Image edit on RunComfy. This skill is the canonical image edit entry point for the RunComfy Model API: give it a source image and an edit instruction, and it returns the edited image. Image edit on RunComfy means transforming an existing still — swap background, remove an object, rewrite a headline, mask-fill a region — without re-shooting.

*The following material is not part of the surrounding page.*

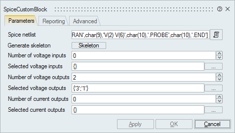 SpiceCustomBlockでは、SPICEネットリストを利用して、モデルに新しい電子部品を作成したり、モデルにある既存の電子部品を変更したりできます。このブロックは、そのポート、パラメータ、シミュレーション関数を含め、自由にカスタマイズできます。
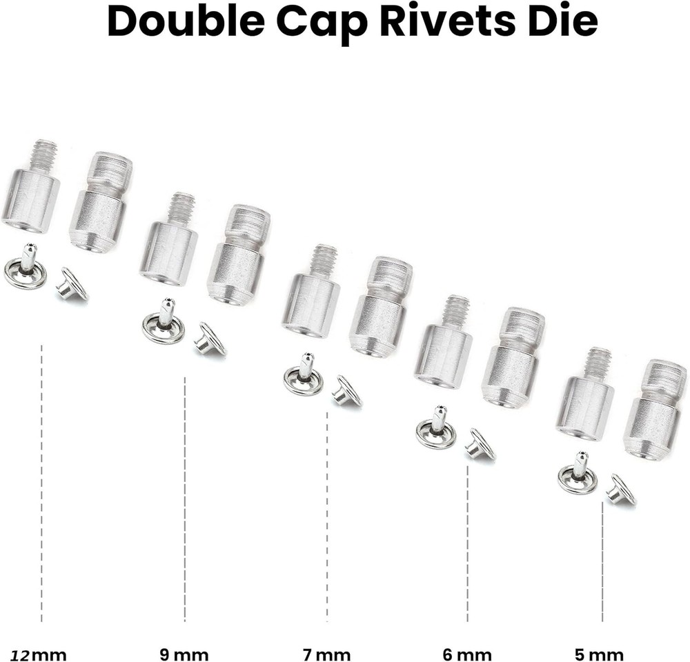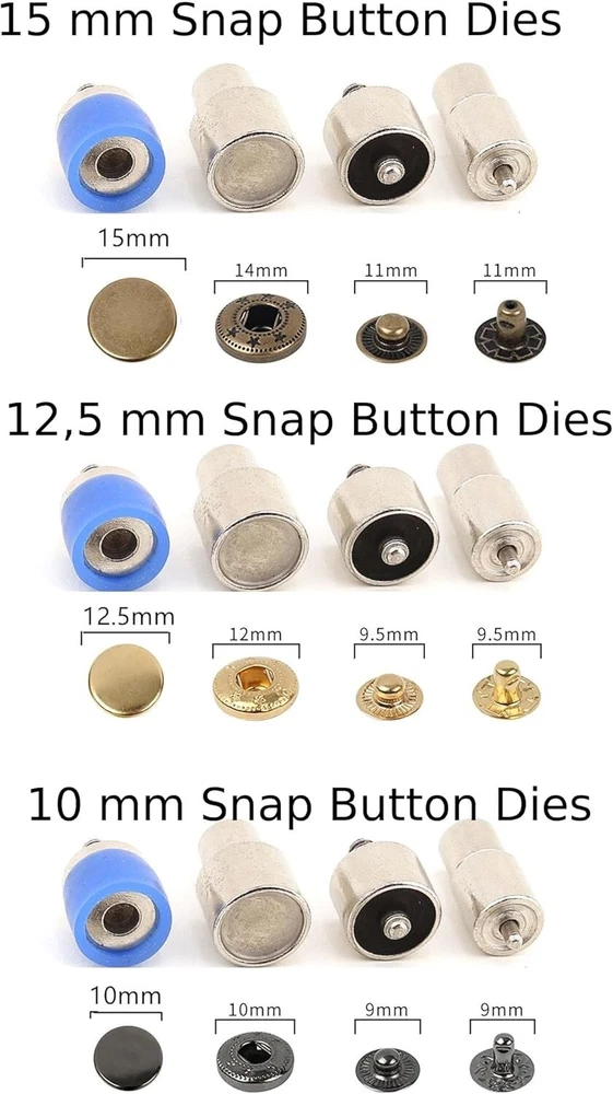 Snap Button Fastener, Rivet, Eyelet, Grommet Hand Press Machine with Setting Dies All in One Set ★ This all-in-one set is perfect for setting rivets, eyelets, grommets, and snap button fasteners. The products are made of high quality, durable, and practical to use. Ideal for both professional and amateur use, can be used for DIY projects such as leather craft, fabric, cardboard, garments, belts, bags, and shoes. ★ 100% product new and high quality. Comes with essential installation dies, suitable for various snap buttons, rivets, grommets and eyelets. Easy to operate, can punch and set quickly and easily. ✔ Includes 17 pieces: Hand press machine, 3 sets Snap Button Dies, 5 sets Double Cap Rivet Dies, 5 sets Eyelet Grommet Dies and 2 mm, 4 mm hole punchers for press machine. ✔ Setting Dies: 10 mm, mm and 15 mm s spring metal snap button dies, 5 mm, 6 mm, 7 mm, 9 mm and 12 mm double cap rivet dies, mm, mm, 6 mm, mm and 9 mm eyelet grommet dies and 2 mm, 4 mm punching dies with one brass base. ⚠ Please note that: The accessories are not included. This listing includes hand press machine and installation dies molds. Rivet, grommets and snap buttons are not included. Hand press machine Specs: Machine is product new DZNTOOLS, made of aluminium and manufactured in Turkey. It weighs 1650 is a universal machine and, with the proper die, you can use it to install snaps, grommets, eyelets, fabric-covered buttons, rivets, jeans tack buttons, top screw thread diameter is 1/4'' inch (6,3 mm). The bottom diameter size is 1/2’ inches (11,9 mm)Dies Specs: Dies screw top thread size of mm (1/4"), bottom diameter size of mm (1/2’’), and are compatible with DZNTOOLS hand press machine. If you have a different hand press, please check your hand press measurements to ensure they match the requirements of your machine.Package includes press machine, 3 sets Snap Button Dies, 5 sets Double Cap Rivet Dies, 5 sets Eyelet Grommet Dies and 2 mm, 4 mm hole punchers and brass base. Total 17 pieces.

What "image edit" means here

Image edit is the task of taking a source image and producing a transformed image that preserves identity, framing, or layout where you want, while changing what you specify. Image edit is distinct from text-to-image (no input) and from image-to-video (output is a clip). Common image edit operations include:

  • Background image edit — swap the background of a portrait, product, or scene while preserving the foreground identity.
  • Object-removal image edit — remove cables, watermarks, distracting elements, leaving the rest of the image edit untouched.
  • Object-addition image edit — add a new element (umbrella, sign, accessory) to an existing image edit subject.
  • Text-rewrite image edit — replace an in-image headline, label, or signage, including multilingual image edit.
  • Mask-driven image edit — fill or replace a specific masked region with strength control.
  • Multi-ref composition image edit — combine subject from one image with scene/lighting from another.
  • Batch image edit — apply the same image edit instruction across 1–20 inputs (SKU galleries, A/B variants).

This skill picks the right image edit endpoint for the user's intent and calls runcomfy run <model>/edit with the matching schema.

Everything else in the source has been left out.